The ones who aren't lucky enough to get in a halfway house or trade school or aren't taken in by a family member, wind up on the streets. Aprox. 10% commit suicide the first year and the rest become prostitutes or drug dealers to survive.

We took an overnight train to Almaty in the far south near the China and Kyrgyzstan borders. We stayed in a duplex on the grounds of "Teen Challenge", a rehab center for young males. They had also taken in some younger male kids that were living on the streets. The manager said there are some addicts as young as 8 yrs. old and some prostitutes as young as 10.

The manager drove us around for a tour of the city and a trip into the Tein Shan Mtns. where the apple trees grow wild and they were in full bloom, as well as the wild tulips. There's a very good book about this country called "Apples Are From Kazakhstan" by Christopher Robbins.

He also took us to his favorite Uighur restaurant. He said they weren't supposed to open for another hour, but he told us to wait in the jeep while he talked to them. He came back and told us to come on in. I guess they opened up just for us, because we were the oonly ones there for an hour. We ate with chopsticks and drank green tea with the meal. He is a descendant of the Uighur tribe of China.

There are actually several tourists in Almaty, but it's not a touristy city. It is like a different country from Karaganda (where Victoria lives), though. It's green and has character and of course, the mountains. It has a population of 2 million according to our driver.

She lives in a city of 1/2 a million, but it's on the steppe....nothing to break the wind...it's in southern Siberia. It's very much like the plains in the US. Their only trees are planted in the city, but there aren't any outside of town.

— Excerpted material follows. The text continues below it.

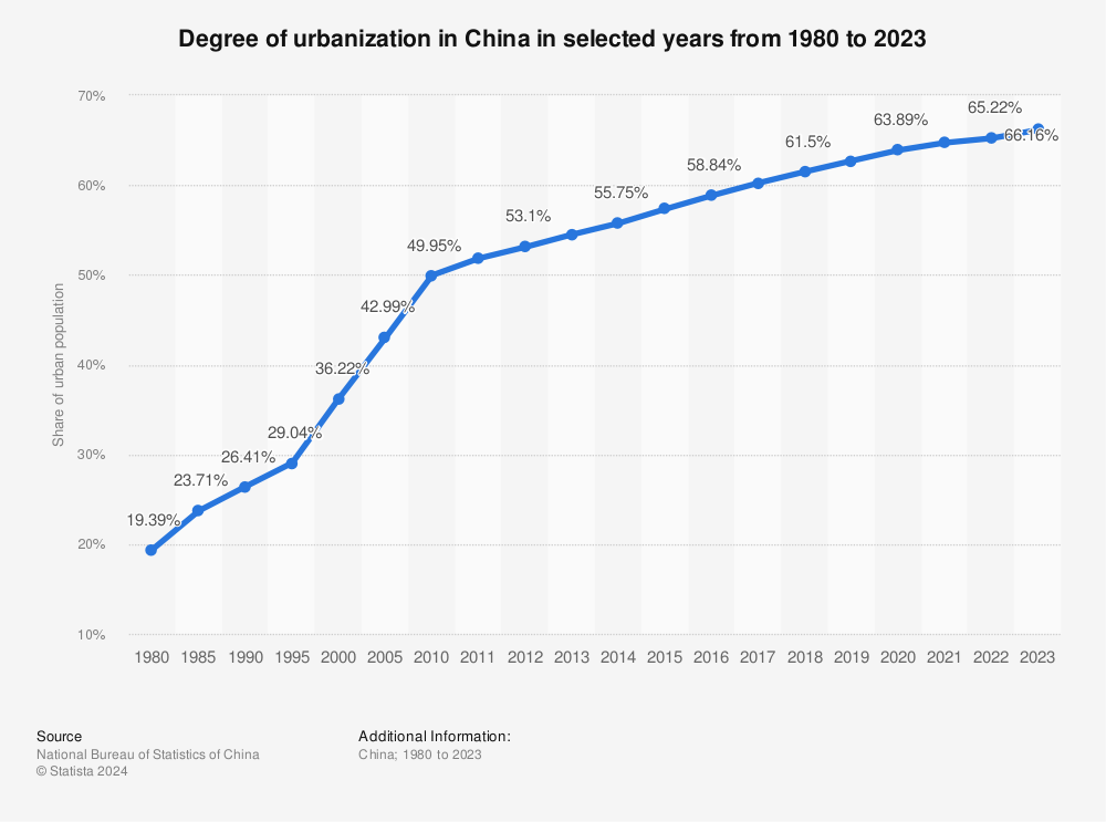 報(bào)告中顯示,2023年末,我國城鎮(zhèn)常住人口已經(jīng)達(dá)到了9.3億,城鎮(zhèn)化率66.16%,即,每三個中國人中,有兩個生活在城市里。此外,我國地級以上城市常住人口達(dá)到6.7億人,常住人口超過500萬的城市有29個。

It snowed twice after we arrived, but the trees & lilacs were sprouting buds by the time we left. The streets are one pothole after the other. The temps are sometimes 45 below zero F. And the summers are often over 100 F. She has moved into an apartment alone now and it's one of the very few that has A/C. The other 2 she has lived in did not.

I'll put some pictures on here later if anyone is interested. It takes a long time for them to upload, so they may be few and far between.